The council last week unanimously voted to back the scoping study by the Federal Government’s Regional Development Australia, which will examine options for removing the freight line from the hills.
State Liberal leader Steven Marshall pledged $20 million in January to develop a business case into a multibillion-dollar plan to reroute freight trains and trucks around the Adelaide Hills if elected next year.
For more than a decade, hills residents and Mitcham Council have fought for the freight line to be diverted, saying the trains create noise, traffic congestion and, in summer, are a bushfire risk.
Cr Karen Hockley told last week’s council meeting a new report was long overdue.
“It is something that our residents by and large support and something that will be beneficial going forward for both our community and the state,” Cr Hockley said.
Cr Stephen Fisher said it was a “very important process” that he “strongly supported”.
The investigation would look at solutions including constructing a rail and highway bypass from Murray Bridge to Two Wells, south of Truro.
It comes after a 2010 study found rerouting the line would be too expensive.
However, a report presented to last week’s Mitcham meeting said that study “did not … take into account the increase in population in the hills, the social and environmental consequences of the existing system, … (and) the existing and growing constraints from commuter traffic”.

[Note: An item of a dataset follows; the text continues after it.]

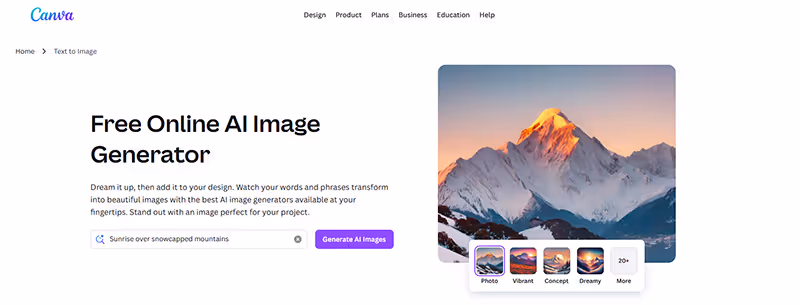 Canva AI Image Generator Powered by Magic Media™ suite and Dream Lab, Canva AI Image Generator is a go-to design solution for many entrepreneurs and marketers. It has become a favorite, thanks to its ability to craft fast and stylish visuals without a high learning curve. With just your simple text prompts, you'll get polished graphics, illustrations, and short videos in an instant.

Blackwood Action Group treasurer Geoff Bartlett said the new examination was a “positive step in the right direction”.
“Hopefully it is the start of a process that will eventually see common sense prevail and the trains removed,” Mr Bartlett said.
“It’s the start of something big and it won’t happen tomorrow … but hopefully it can all happen.”
The route of the Liberals’ proposed GlobeLink rail and road freight bypass of Adelaide.Former Rail and Transport Committee chairman Mark Ward said freight trains were a serious issue.
Mr Ward, a former Mitcham councillor who ran for Labor in the Davenport by-election in 2015 and for Boothby in the federal election last year, said the existing freight line could be used to form a commuter expressway from Murray Bridge to the city.
“It makes so much sense to have this rail diversion … there is a much better way forward,” Mr Ward said.
“You could get a train service running (on the current freight line) from Mount Barker to Belair and then express it Adelaide.”
Neighbouring Unley Council, regional councils and the Local Government Association were also expected to commit to the investigation, expected to cost about $75,000.
Regional Development Australia chief executive Damien Cooke — who described the current line as “very inefficient” — said the study would start at the beginning of next month.